Son conducteur tressaillit.

- Pas de soucis Cat, ça ne me dérange pas.

La jeune fille osa lancer un coup d'œil vers son interlocuteur, et le regretta immédiatement. Elle n'aurait pas dû. Son visage, bien qu'à peine éclairé par les voyants du tableau de bord, était incroyablement beau. Il affichait un air soucieux, et mordillait machinalement sa lèvre inférieure. Cat détourna le regard. Tout son être lui criait de le consoler, de poser sa main sur sa cuisse, ou de caresser sa nuque, comme avant. Mais elle ne pouvait pas, elle ne pouvait plus. Il en avait décidé autrement.

- Tu vas bien Cat ?

La jeune fille sursauta.

- Oui je vais mieux.

Elle ricana intérieurement. Vraiment, elle ne pouvait pas faire plus d'efforts pour mentir ?

- Cat, je... Je suis vraiment désolée tu sais...

- Non Simon, s'il te plaît, ne t'excuse pas, ça ira. Vraiment.

Elle sentit qu'il s'affaissait. Elle ne voulait pas être sèche, mais s'il insistait, elle allait encore se mettre à pleurer, et elle ne voulait plus pleurer devant lui.

La nuit se faisait de plus en plus noire tandis que la voiture filait sur la route de campagne. Il n'y avait personne d'autre qu'eux, pas une seule voiture. Ils étaient comme suspendus hors du temps. Comme dans un flottement avant la fin du « toujours ». Leur dernier moment d'éternité en somme. Cat sentit les larmes lui picoter les yeux. Il ne fallait pas qu'elles débordent cette fois. Elle inspira doucement. Elle voulait que ce dernier au revoir se fasse dans la paix. Après, elle aurait toute la vie pour pleurer.

Soudain, un énorme bruit explosa sur le pare-brise. Elle cria, elle entendit Simon crier, et les pneus gémir sur l'asphalte. Le ciel se retourna, elle se sentit projetée, comme si elle s'envolait soudain.
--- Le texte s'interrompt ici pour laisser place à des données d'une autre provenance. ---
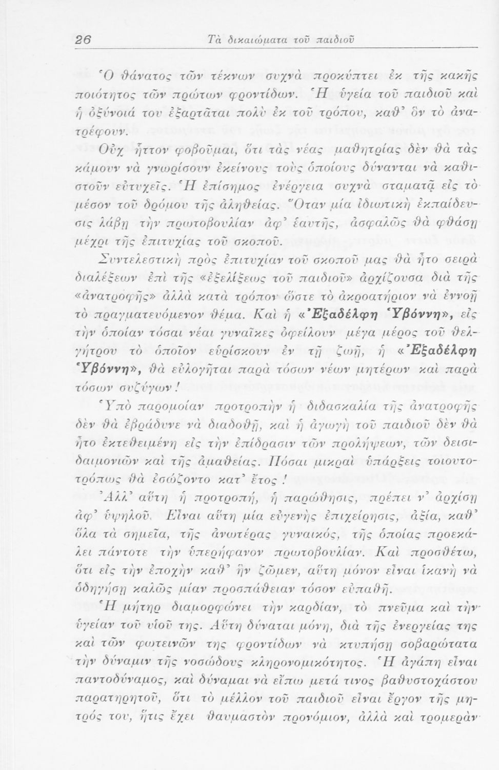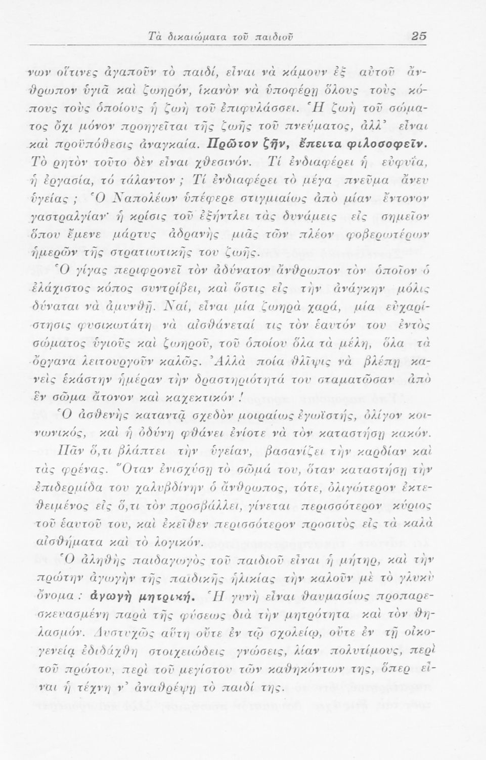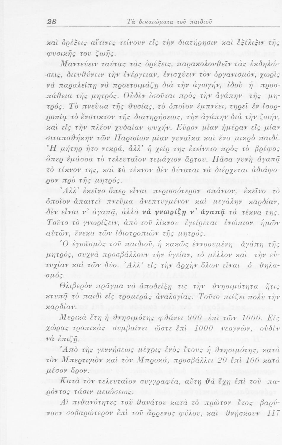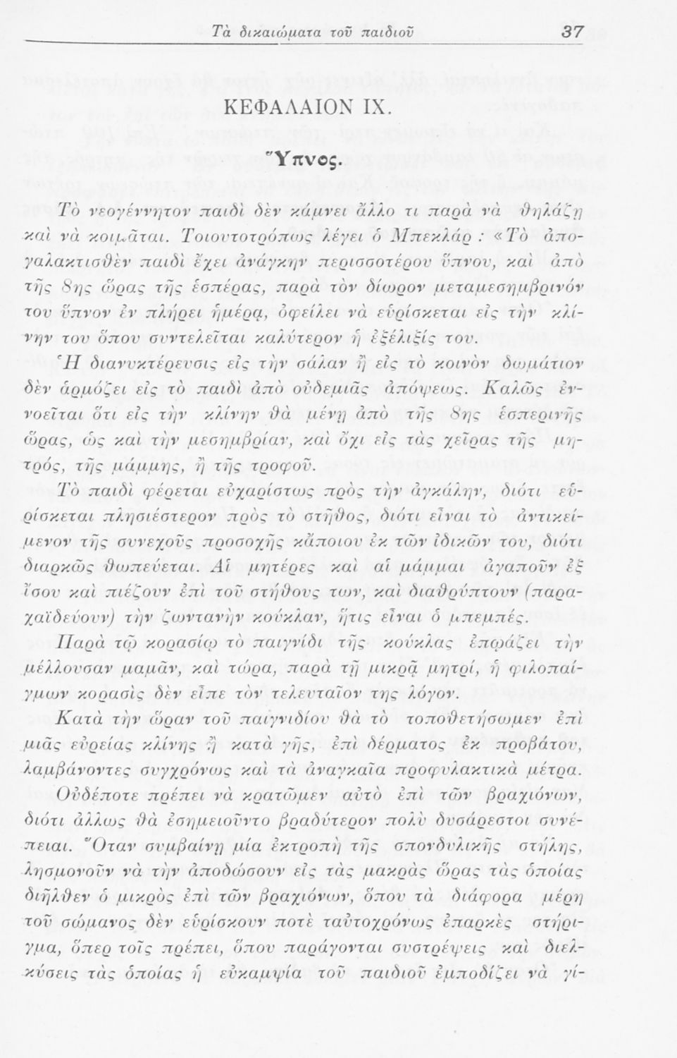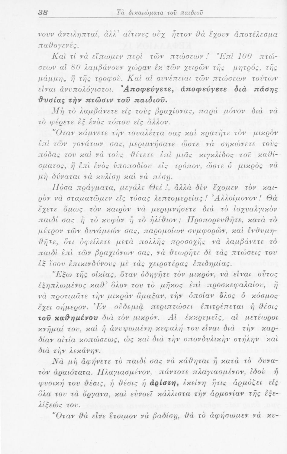 520 ## _aΔοκίμιο που περιλαμβάνει διεξοδικά τα δικαιώματα του παιδιού στην καθαριότητα και υγιεινή, στον απογαλακτισμό, στον σεβασμό, στην ένδυση, στην διατροφή κ.α. Ο μεταφραστής ήταν Επιθεωρητής Δημοτικών Σχολείων.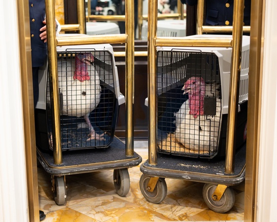 The 2025 Presidential Turkeys, named Gobble and Waddle, arrive at the Willard InterContinental Hotel in Washington, D.C., on Sunday, November 24, 2025., Credit:Andrea Hanks / Avalon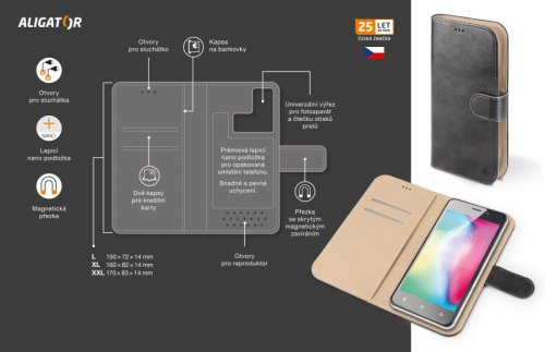 *Univerzálne puzdro *Zatváranie pomocou magnetickej pracky *Priehradka na kartu alebo vizitky *Vrecka na bankovky *Tenké prevedenie *Kvalitné spracovanie *Elegantný dizajn *Jednoduché uchytenie mobilného telefónu pomocou prémiovej nano podložky *Nano podložka slúži na opakované umiestnenie mobilného telefónu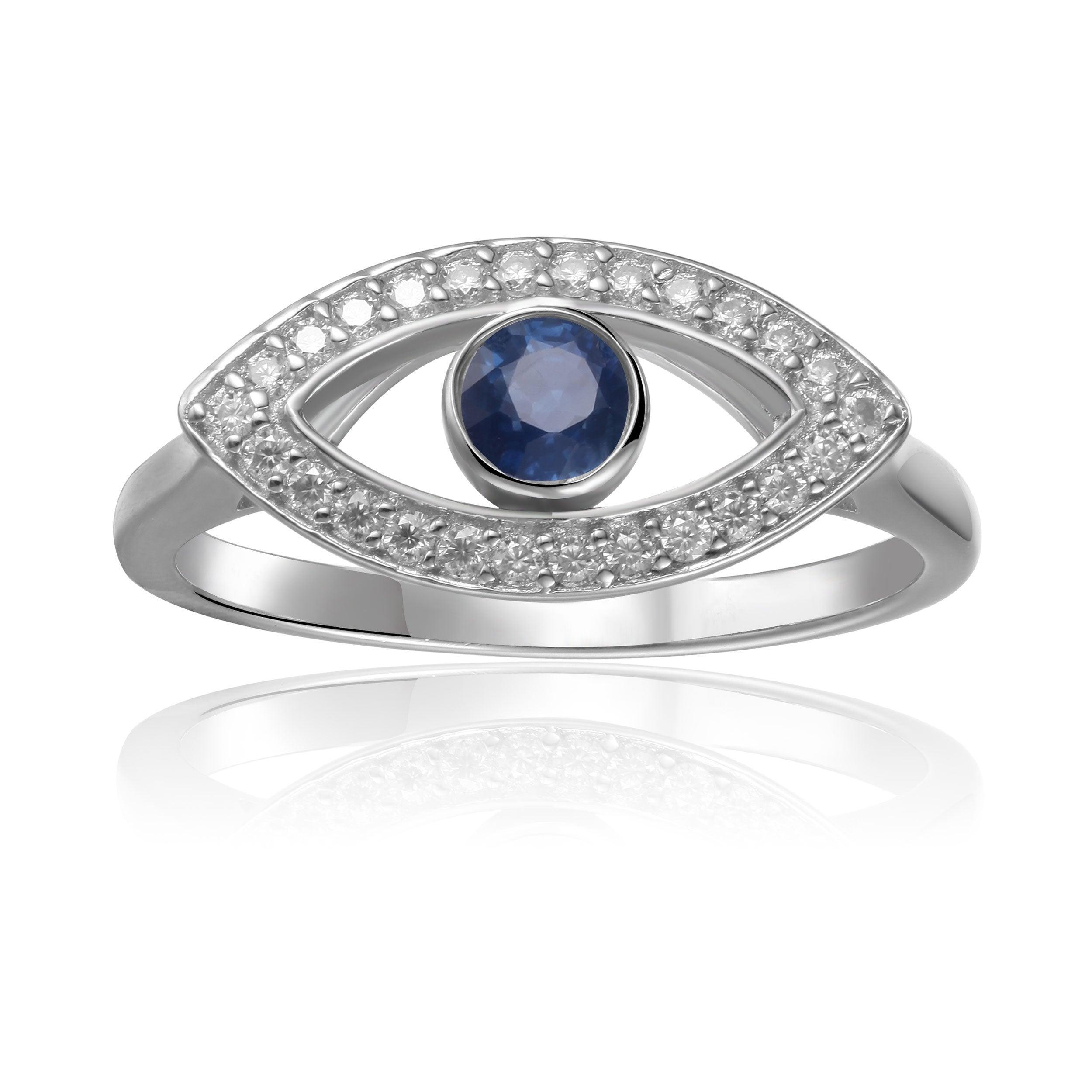 Natural Blue Sapphire and Lab Diamond Halo Ring

Puis il y eut comme un éclair, et un bruit métal agonisant, et ce fût le noir. »

Cat se redressa en nage, sur son lit. Elle ne pouvait plus respirer, cela recommençait. Le poids sur sa poitrine était là, l'écrasant. L'air n'entrait plus dans ses poumons. Elle se leva brutalement, tangua jusqu'à la porte-fenêtre en tentant de ne pas réveiller son amie, qui dormait sur un lit jumeau du sien. Elle ouvrit la fenêtre et se faufila sur le balcon. Le vieux tee-shirt qu'elle portait était trempé, et collait à sa peau moite et les grosses larmes qui coulaient sur ses joues n'arrangeaient rien à son état.

- Qui est Simon ?

Cat se retint de crier. Décébale l'avait suivie. Elle avait pensé que le vieux spectre lui aurait laissé un peu d'intimité. Mais étrangement, sa présence ne la dérangeait, pas elle se sentit même presque réconfortée.

- Ça ne dort pas, un fantôme ? lança-t-elle.

- Non, répondit-il le plus sérieusement du monde, nous ne dormons jamais, nous restons en permanence dans le même état d'éveil.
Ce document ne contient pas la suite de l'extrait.